Эдуард Зорин - Огненное порубежье
Привели странников к боярскому шатру пред очи млеющего от истомы и выпитого вина Нежира. Открыл боярин один глаз, открыл другой: подивился на девку. Стал дразнить Зихно:
— Эка рожа у тебя. Как есть свиное рыло.
— Чай, не воду пить, — пробовал отшутиться Зихно.
Боярин не отставал:
— Балаболка ты, мужик неотесанный.
— Двумя топорами тесали, да оба сломали.
— Уж не скоморох ли ты?
— Богомаз.
Обрадовался Нежир:
— Богомаз-то мне как раз нынче и нужен. Церковка у меня при усадьбе. Распишешь?
— Чего ж не расписать, — сказал Зихно. — Дело это мне привычное.
— Вот и ладно.
— А как платить будешь? — поинтересовался Зихно.
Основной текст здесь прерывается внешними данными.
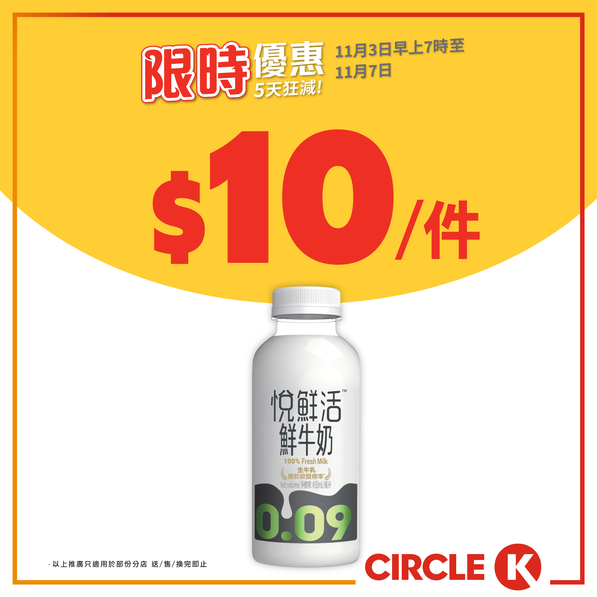 【5天狂減】悅鮮活鮮牛奶450ml 限時優惠悅鮮活鮮牛奶奶味濃郁,100%鮮牛奶 早餐、運動後補充都啱! 5天限時優惠,只需$10/件! 即刻嚟Circle K入手啦!悅鮮活鮮牛奶 450毫升-$10/件推廣日期:11月3日早上7時至11月7日#CircleK #OK便利店 #悅鮮活 #鮮牛奶 #限時優惠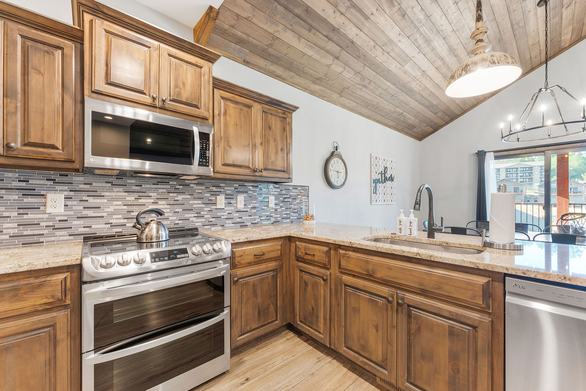 Enjoy cooking your meals in the fully stocked kitchen with beautiful granite countertops. The dining area is perfect for large groups with a large table that seats 12. Spend your evening by the living room fireplace and relax after a full day of fun. From the living room, you can step out onto the large deck and enjoy a friendly game of connect 4 on the large deck. This home has it all- including a private hot tub and a boat slip!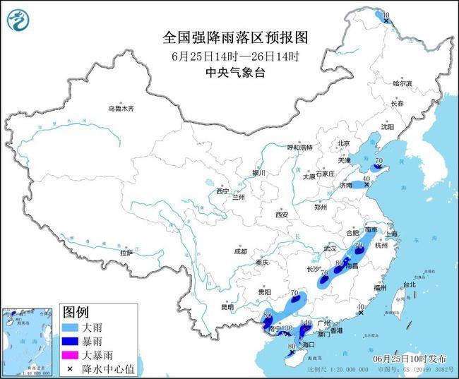 中央氣象臺6月25日10時繼續(xù)發(fā)布暴雨黃色預(yù)警: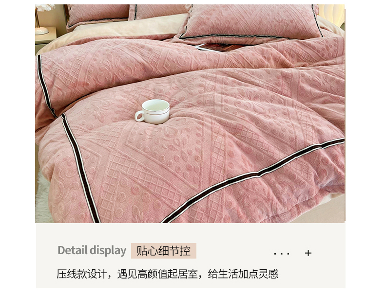 商品名称:逸林家纺《原希尔顿逸林》 2024新款牛奶绒雕花压线款四件套 欧式-豆沙

— Платить-то? — ухмыльнулся Нежир. — Платить-то буду щедро, не обижу.
— А хлеба?
— И хлеба мои.
— А одежа?
— И одежа.
— А мед?
— Ненасытное твое брюхо, богомаз! — рассердился боярин. — Эй, люди! — крикнул он. — Вяжите этого молодца, да покрепче. С девки тоже глаз не спускайте. Беглые они.
Кинулись на богомаза боярские служки, повалили на землю, скрутили. Злату втолкнули в возок.
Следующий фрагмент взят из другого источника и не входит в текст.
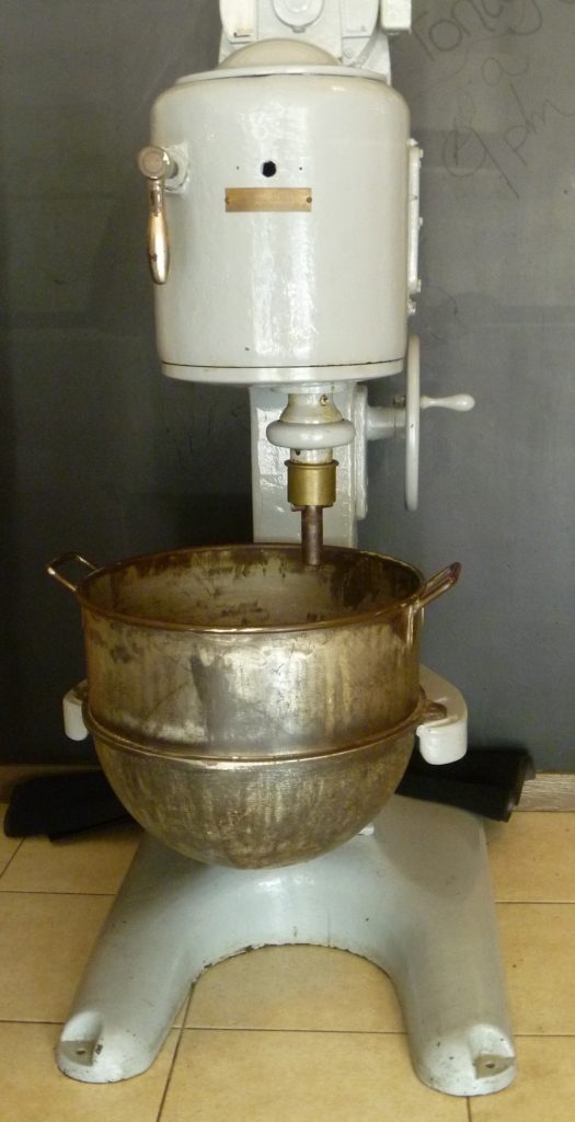 Alternately, chefs had me “whip” the beans. The pinto beans are cooked in large, industrial pots on gas stove tops covered with aluminum foil. At least one cook has the responsibility of checking the water levels of the beans throughout the day, making sure they don’t go dry and burn (like bacon, beans get burned on a regular basis due to negligence). When the beans are done, they are dumped into industrial mixers the height of an average human and they get beaten to a pulp with the whisk attachment. The one advantage of mashing the beans with the whisk? You don’t have to keep a hold of that damn wand, the machine does the work. The disadvantage? It’s a two-step process not one.

— Ну как? — спросил, издеваясь, Нежир. — Может, теперь столкуемся?
— Не подходит тебе моя цена, боярин, — сказал Зихно. — Жаден ты.
— Вот посидишь в порубе, — пообещал Нежир, — станешь сговорчивее…
— Своим товаром я не торгую.
— Не торгуешь, так даром возьму…
— Воля твоя.
— На то я и боярин, — важно сказал Нежир и велел сворачивать шатры.
Держал он свое слово, зря на ветер не бросал: по приезде в Смоленск посадил богомаза в поруб. А Злату отправил на кухню, перед тем наказав отмыть ее хорошенько в баньке да попарить с веничком. Разобрала его, старика, охотка взглянуть на девичье молодое тело.
Глава пятая
Прибыл Дато в Олешье — и удивился: картлийских купцов хоть пруд пруди. Куда ни пойдешь, везде слышишь грузинскую речь.
— Словно в Тбилиси попал, — грустно сказал он Зоре. — Товар мой в Олешье не пойдет, а осень на носу. Не возвращаться же обратно.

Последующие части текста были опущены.